Aglianico
Un vitigno antico originario della Grecia, introdotto intorno al VII – VI secolo a.C. nel sud Italia con il nome Ellenicon. I Romani lo ribattezzarono in Vitis Ellenica. Gli stessi Romani se ne innamorarono tanto da incentivarne la coltivazione e la diffusione soprattutto nei fertili terreni della Campania.
Testimonianze storiche di questo vitigno e del suo vino sono numerose: non mancano reperti archeologici come anfore, un torchio di epoca imperiale, una moneta bronzea raffigurante Dionisio.
Esaltato da Catone, Plinio e molti poeti e scrittori antichi, ci giungono anche altre testimonianze storico-letterarie sulle meraviglie di questo vitigno da Orazio, considerato uno dei maggiori poeti dell’età antica. Sebbene lo si conosca come uno dei più grandi interpreti del passato e autore del Carpe Diem, Orazio fu un grande estimatore e conoscitore di vini, tanto da essere considerato un vero e raffinato enologo del suo tempo.
Non a caso quest’ultimo nacque nella terra dell’Aglianico, ( Venosa ), un elemento che sicuramente contribuì al suo amore per il vino, nonché alla sua natura epicurea di amante dei piaceri della vita, dettando quelli che per molti oggi sono ancora i canoni dell’ars vivendi (l’arte di vivere).
Il nome originario Ellenico divenne Aglianico durante la dominazione aragonese, dovuto probabilmente a un’evoluzione linguistica dalla doppia L che in spagnolo si pronuncia in modo simile all’italiano gli.
Barbera del Sannio
È un vitigno autoctono tutto sannita e originario del comune di Castelvenere e non ha elementi in comune con l’omonimo Barbera piemontese.
Il Barbera del Sannio rappresenta la più viva tradizione vitivinicola di Casetelvenere.
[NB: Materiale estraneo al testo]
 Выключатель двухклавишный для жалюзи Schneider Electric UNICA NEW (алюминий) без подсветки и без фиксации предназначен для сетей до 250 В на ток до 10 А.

I contadini lo utilizzavano principalmente in vinificazione insieme ad altri vini, serviva a dare colore al vino, essendo molto ricco di antociani, e veniva scelto anche per conferire profumo al vino, esaltandone il piacevole fruttato con note floreali e di pasticceria.
Castelvenere ha rappresentato una importante meta in passato per l’acquisto della rinomata uva, ma i grappoli delicati del Barbera ne rendevano difficile il trasporto, tanto da dover rimanere in loco per essere vinificato esclusivamente in zona.
Falanghina
Storico vitigno campano introdotto dai coloni Greci ma conosciuto e apprezzato anche dai Romani. Esistono due ipotesi sull’origine del nome.
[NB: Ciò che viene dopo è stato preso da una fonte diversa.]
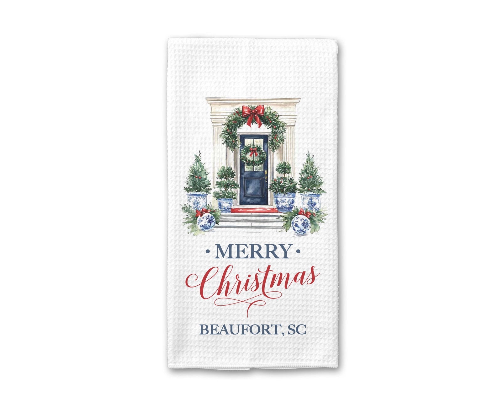 Customize this towel for your town! This holiday towel is the perfect addition to your Christmas kitchen decor, and also makes a great housewarming gift.

La prima ci dice che derivi dall’antico greco-latino “Falango”, ovvero “Palo”, utilizzato per sostenere i tralci di vite, molto vigorosi, che non consentivano una coltivazione ad alberello. Un sistema innovativo per l’epoca, riutilizzato successivamente per adattare la vite al nuovo clima e al suolo campano.
La seconda tesi vuole che il nome Falanghina derivi, per successive modificazioni, dal termine “Falernina” vino conosciuto come “vino degli Imperatori” e apprezzato dai romani nonché celebrato da Plinio, Cicerone, Orazio e Virgilio.
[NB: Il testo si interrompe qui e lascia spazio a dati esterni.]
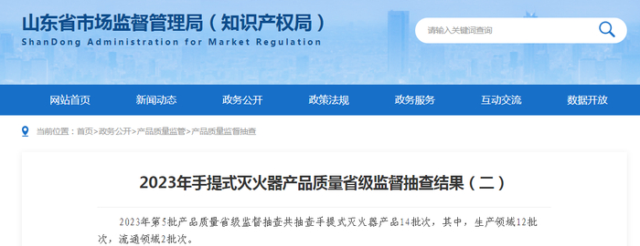 近日,山东省市场监督管理局公布2023年手提式灭火器产品质量省级监督抽查结果(二)。具体信息如下:

Una cosa è certa: la Falanghina è coltivata dalla notte dei tempi in tutta la Campania nei suoi due biotipi “mascolina” e “verace” e, pur variando di zona in zona, mantiene inalterate le proprietà e le caratteristiche primordiali in climi e suoli diversi. E’ un vino unico nel suo genere che deve essere assaggiato per poterlo pienamente apprezzare.
Fiano
Conosciuto già all’epoca romana, furono i coloni Greci a introdurlo in Campania. L’origine del nome è combattuto tra due tesi: quella romana sostiene che il nome derivi da apianis, in quanto le api andavano ghiotte di quest’uva. Mentre l’ipotesi greca – quella più probabile – poggia su fonti storiche e sostiene che il nome derivi dai coloni che lo introdussero, provenienti da Apia, antica città del Peloponneso, da cui il vitigno prese il nome di vite apiana, divenuto poi Fiano nel corso dei secoli.
Le prime testimonianze del nome Fiano si hanno nel registro dell’imperatore Federico II, vissuto nel XIII secolo, dove vi è annotato un ordine per tre “salme” di Fiano. Sul finire dello stesso secolo il re Carlo II d’Angiò impiantò nella propria vigna reale ben 16.000 viti di Fiano.